REQUIRED WORK: An exact copy of the entries below is required, with all pictures removed.

%%

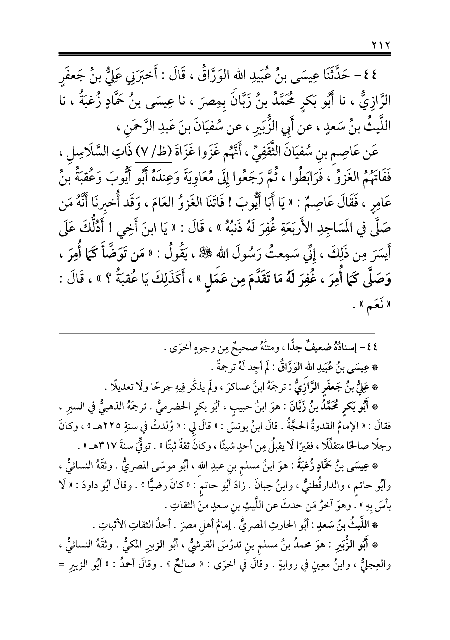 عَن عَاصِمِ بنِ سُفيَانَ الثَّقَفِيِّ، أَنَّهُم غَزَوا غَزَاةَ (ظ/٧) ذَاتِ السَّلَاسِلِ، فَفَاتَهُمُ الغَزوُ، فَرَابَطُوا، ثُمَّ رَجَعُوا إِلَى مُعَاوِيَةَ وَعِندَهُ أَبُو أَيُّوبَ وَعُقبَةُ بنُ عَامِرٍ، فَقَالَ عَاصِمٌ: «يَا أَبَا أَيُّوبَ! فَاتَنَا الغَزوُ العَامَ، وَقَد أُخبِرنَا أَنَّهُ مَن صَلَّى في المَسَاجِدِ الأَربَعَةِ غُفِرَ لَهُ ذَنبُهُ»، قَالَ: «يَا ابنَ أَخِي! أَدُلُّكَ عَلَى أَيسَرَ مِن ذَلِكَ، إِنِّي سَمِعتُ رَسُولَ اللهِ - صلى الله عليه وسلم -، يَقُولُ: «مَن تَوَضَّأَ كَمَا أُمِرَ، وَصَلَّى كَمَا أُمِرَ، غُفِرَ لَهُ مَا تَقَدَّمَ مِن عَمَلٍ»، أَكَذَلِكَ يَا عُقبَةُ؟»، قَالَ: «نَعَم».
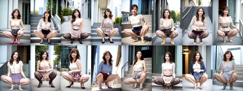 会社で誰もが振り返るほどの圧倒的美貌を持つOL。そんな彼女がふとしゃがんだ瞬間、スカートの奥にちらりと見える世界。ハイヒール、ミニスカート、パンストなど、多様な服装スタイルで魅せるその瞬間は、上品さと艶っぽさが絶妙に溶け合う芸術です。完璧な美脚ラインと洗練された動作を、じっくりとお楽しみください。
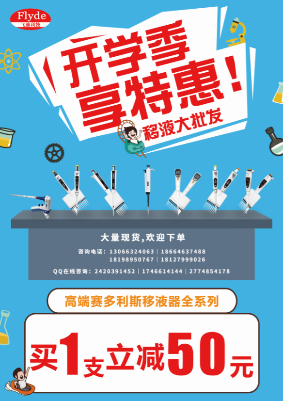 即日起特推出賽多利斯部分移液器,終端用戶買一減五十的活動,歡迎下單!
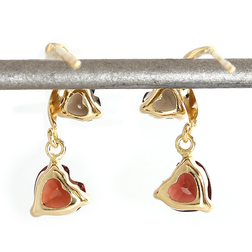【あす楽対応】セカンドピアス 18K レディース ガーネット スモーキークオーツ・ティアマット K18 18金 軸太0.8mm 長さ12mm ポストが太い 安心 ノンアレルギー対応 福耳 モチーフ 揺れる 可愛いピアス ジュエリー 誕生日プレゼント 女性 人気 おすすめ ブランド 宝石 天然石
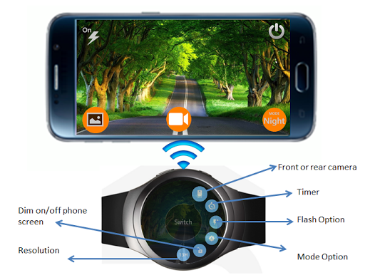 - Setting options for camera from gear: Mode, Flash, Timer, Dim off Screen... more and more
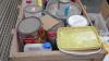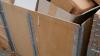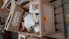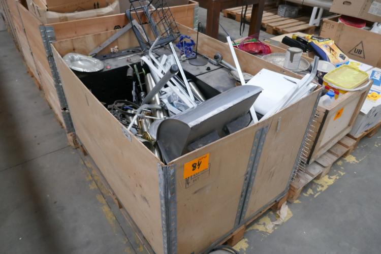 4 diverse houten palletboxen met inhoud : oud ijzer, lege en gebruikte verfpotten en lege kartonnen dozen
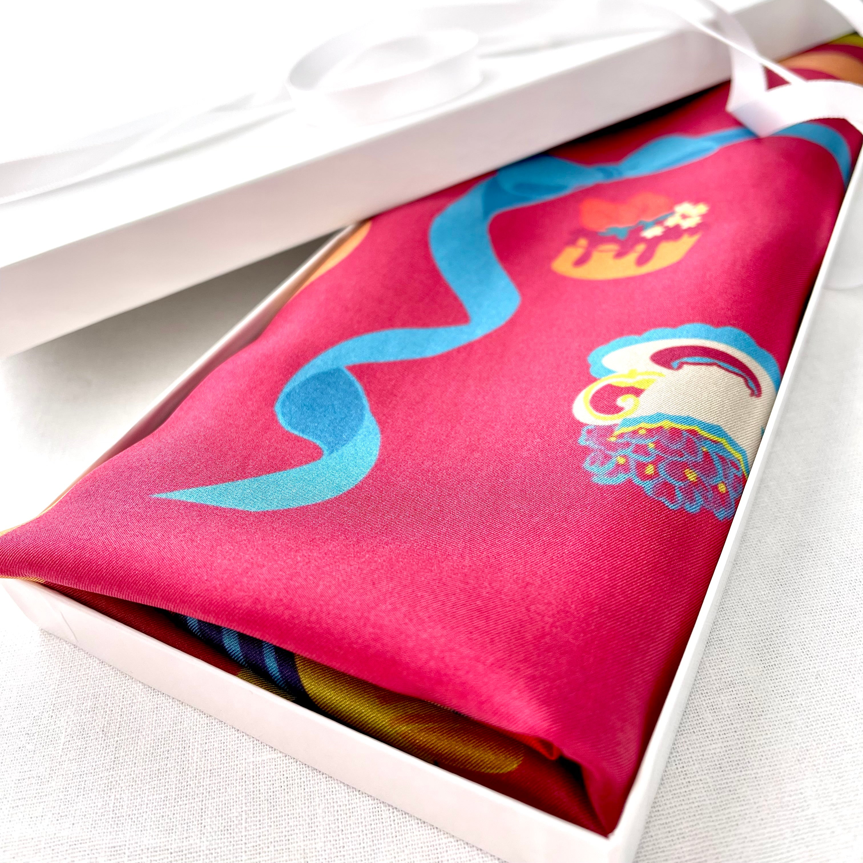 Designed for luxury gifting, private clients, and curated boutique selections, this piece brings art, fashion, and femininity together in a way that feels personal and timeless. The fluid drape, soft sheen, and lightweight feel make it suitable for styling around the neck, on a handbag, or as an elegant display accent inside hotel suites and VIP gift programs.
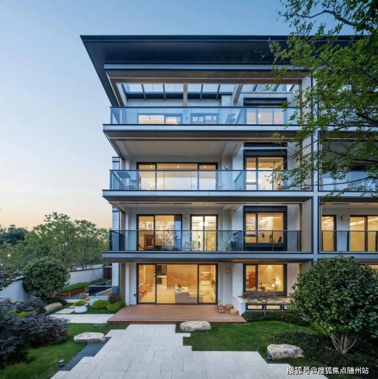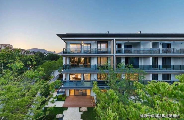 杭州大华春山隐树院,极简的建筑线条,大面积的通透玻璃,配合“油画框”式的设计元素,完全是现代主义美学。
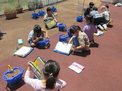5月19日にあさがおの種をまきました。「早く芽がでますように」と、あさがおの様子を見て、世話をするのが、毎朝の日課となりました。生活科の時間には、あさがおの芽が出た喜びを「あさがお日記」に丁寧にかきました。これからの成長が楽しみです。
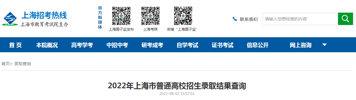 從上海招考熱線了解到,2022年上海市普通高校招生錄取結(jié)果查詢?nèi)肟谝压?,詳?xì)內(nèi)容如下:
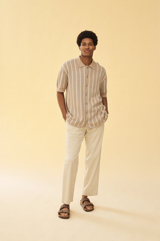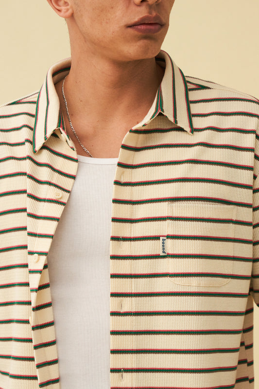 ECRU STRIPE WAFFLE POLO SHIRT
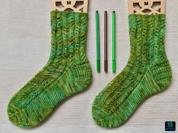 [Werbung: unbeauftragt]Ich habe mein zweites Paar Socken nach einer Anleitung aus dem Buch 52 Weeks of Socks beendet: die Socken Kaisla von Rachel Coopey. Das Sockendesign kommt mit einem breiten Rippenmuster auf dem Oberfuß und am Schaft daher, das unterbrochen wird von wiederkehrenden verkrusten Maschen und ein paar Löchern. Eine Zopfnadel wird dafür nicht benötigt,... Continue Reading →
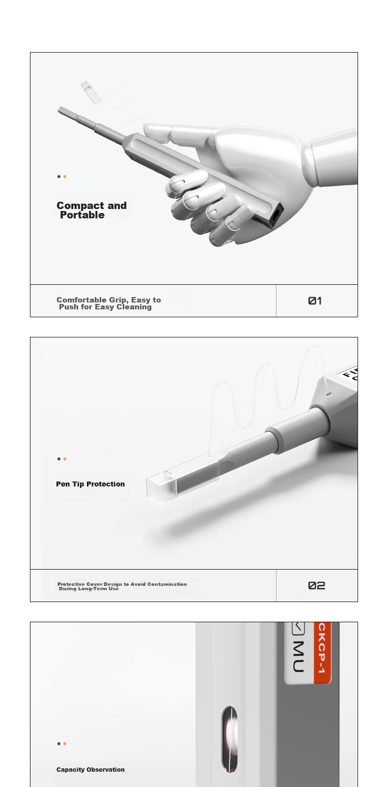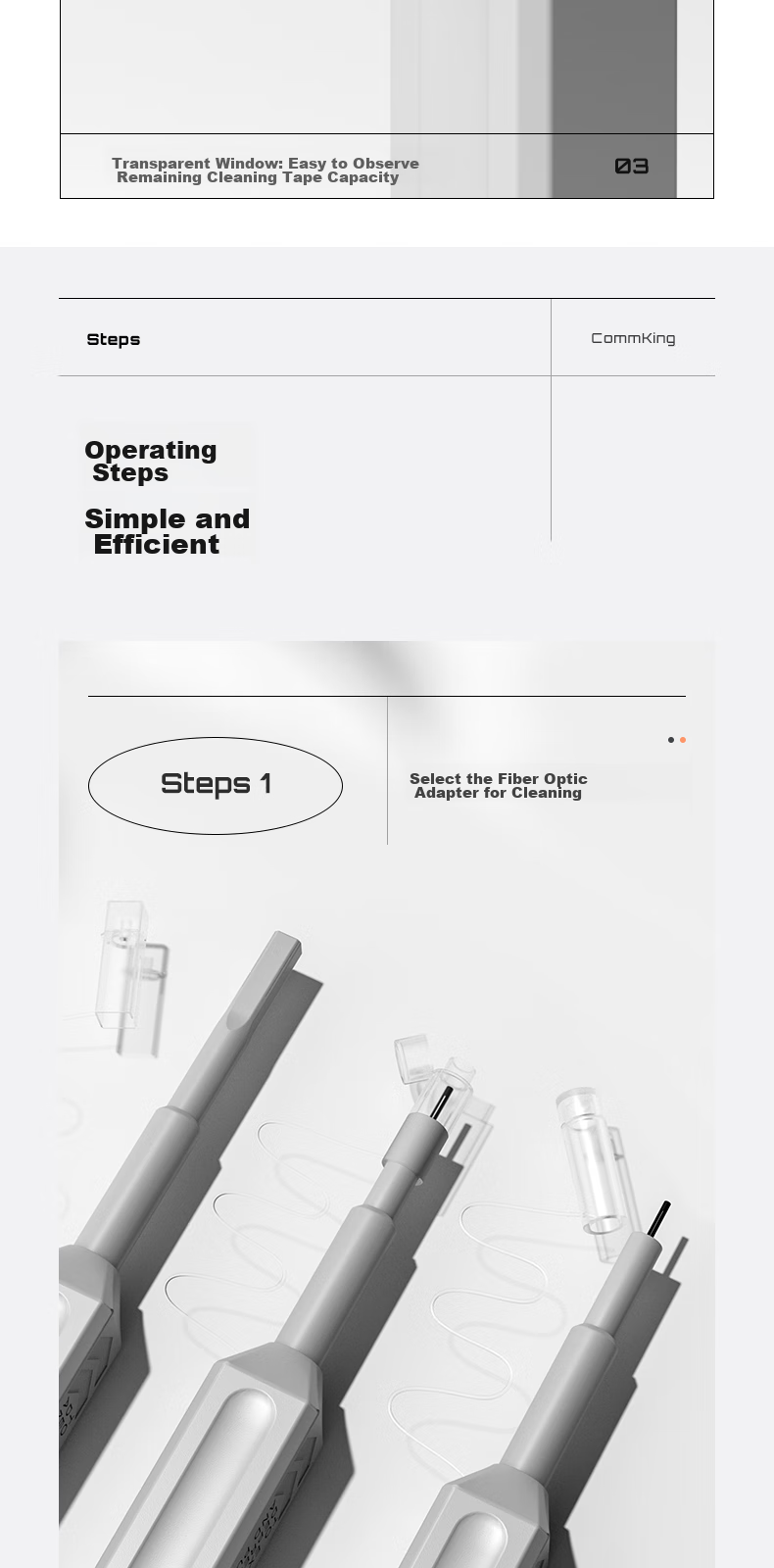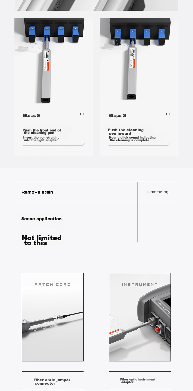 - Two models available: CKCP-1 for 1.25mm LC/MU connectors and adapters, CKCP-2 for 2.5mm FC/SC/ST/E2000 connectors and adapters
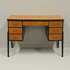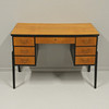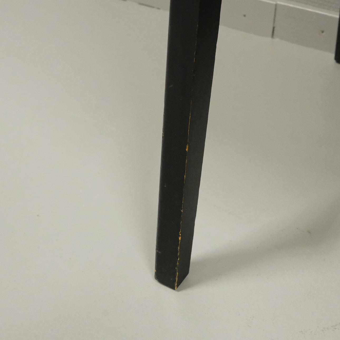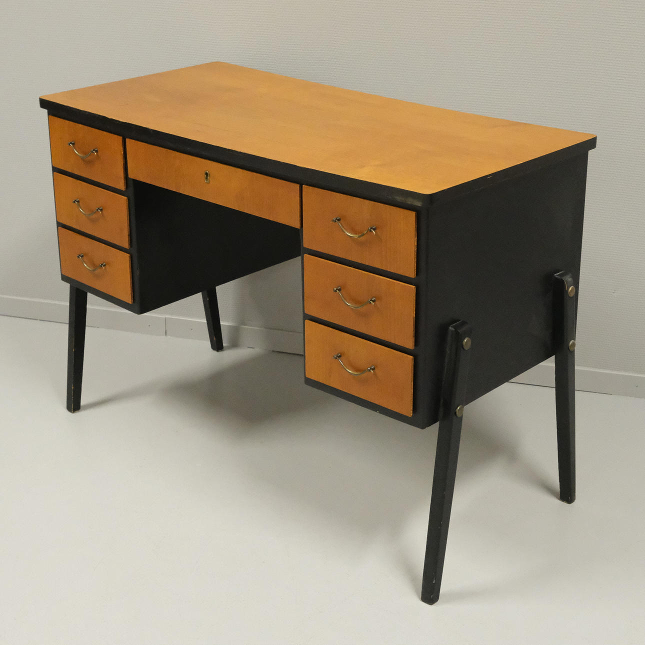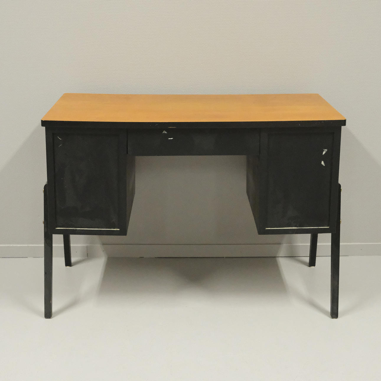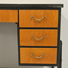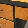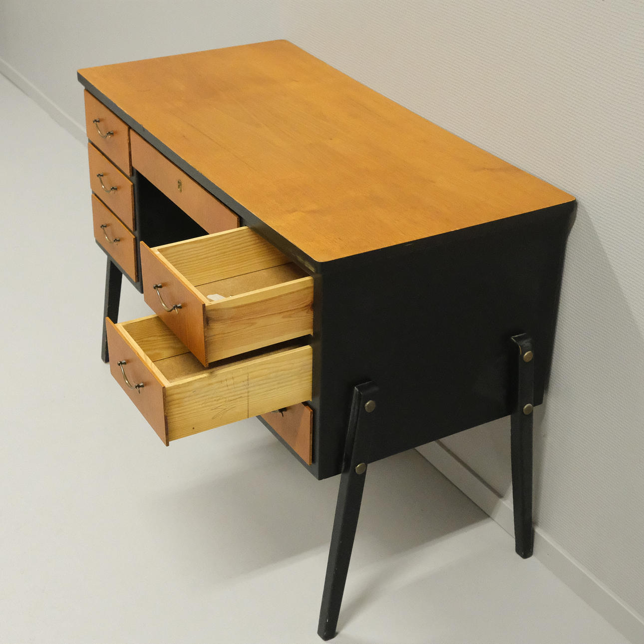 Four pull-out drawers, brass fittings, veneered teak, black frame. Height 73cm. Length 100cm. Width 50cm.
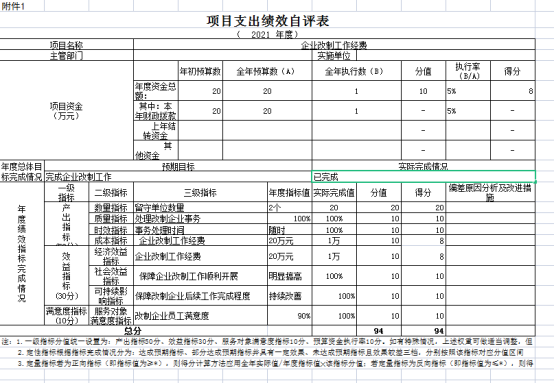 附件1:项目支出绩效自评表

%%

REPLY:
 عَن عَاصِمِ بنِ سُفيَانَ الثَّقَفِيِّ، أَنَّهُم غَزَوا غَزَاةَ (ظ/٧) ذَاتِ السَّلَاسِلِ، فَفَاتَهُمُ الغَزوُ، فَرَابَطُوا، ثُمَّ رَجَعُوا إِلَى مُعَاوِيَةَ وَعِندَهُ أَبُو أَيُّوبَ وَعُقبَةُ بنُ عَامِرٍ، فَقَالَ عَاصِمٌ: «يَا أَبَا أَيُّوبَ! فَاتَنَا الغَزوُ العَامَ، وَقَد أُخبِرنَا أَنَّهُ مَن صَلَّى في المَسَاجِدِ الأَربَعَةِ غُفِرَ لَهُ ذَنبُهُ»، قَالَ: «يَا ابنَ أَخِي! أَدُلُّكَ عَلَى أَيسَرَ مِن ذَلِكَ، إِنِّي سَمِعتُ رَسُولَ اللهِ - صلى الله عليه وسلم -، يَقُولُ: «مَن تَوَضَّأَ كَمَا أُمِرَ، وَصَلَّى كَمَا أُمِرَ، غُفِرَ لَهُ مَا تَقَدَّمَ مِن عَمَلٍ»، أَكَذَلِكَ يَا عُقبَةُ؟»، قَالَ: «نَعَم».
 会社で誰もが振り返るほどの圧倒的美貌を持つOL。そんな彼女がふとしゃがんだ瞬間、スカートの奥にちらりと見える世界。ハイヒール、ミニスカート、パンストなど、多様な服装スタイルで魅せるその瞬間は、上品さと艶っぽさが絶妙に溶け合う芸術です。完璧な美脚ラインと洗練された動作を、じっくりとお楽しみください。
 即日起特推出賽多利斯部分移液器,終端用戶買一減五十的活動,歡迎下單!
【あす楽対応】セカンドピアス 18K レディース ガーネット スモーキークオーツ・ティアマット K18 18金 軸太0.8mm 長さ12mm ポストが太い 安心 ノンアレルギー対応 福耳 モチーフ 揺れる 可愛いピアス ジュエリー 誕生日プレゼント 女性 人気 おすすめ ブランド 宝石 天然石
 - Setting options for camera from gear: Mode, Flash, Timer, Dim off Screen... more and more
 4 diverse houten palletboxen met inhoud : oud ijzer, lege en gebruikte verfpotten en lege kartonnen dozen
 Designed for luxury gifting, private clients, and curated boutique selections, this piece brings art, fashion, and femininity together in a way that feels personal and timeless. The fluid drape, soft sheen, and lightweight feel make it suitable for styling around the neck, on a handbag, or as an elegant display accent inside hotel suites and VIP gift programs.
 杭州大华春山隐树院,极简的建筑线条,大面积的通透玻璃,配合“油画框”式的设计元素,完全是现代主义美学。
5月19日にあさがおの種をまきました。「早く芽がでますように」と、あさがおの様子を見て、世話をするのが、毎朝の日課となりました。生活科の時間には、あさがおの芽が出た喜びを「あさがお日記」に丁寧にかきました。これからの成長が楽しみです。
 從上海招考熱線了解到,2022年上海市普通高校招生錄取結(jié)果查詢?nèi)肟谝压?,詳?xì)內(nèi)容如下:
 ECRU STRIPE WAFFLE POLO SHIRT
 [Werbung: unbeauftragt]Ich habe mein zweites Paar Socken nach einer Anleitung aus dem Buch 52 Weeks of Socks beendet: die Socken Kaisla von Rachel Coopey. Das Sockendesign kommt mit einem breiten Rippenmuster auf dem Oberfuß und am Schaft daher, das unterbrochen wird von wiederkehrenden verkrusten Maschen und ein paar Löchern. Eine Zopfnadel wird dafür nicht benötigt,... Continue Reading →
 - Two models available: CKCP-1 for 1.25mm LC/MU connectors and adapters, CKCP-2 for 2.5mm FC/SC/ST/E2000 connectors and adapters
 Four pull-out drawers, brass fittings, veneered teak, black frame. Height 73cm. Length 100cm. Width 50cm.
 附件1:项目支出绩效自评表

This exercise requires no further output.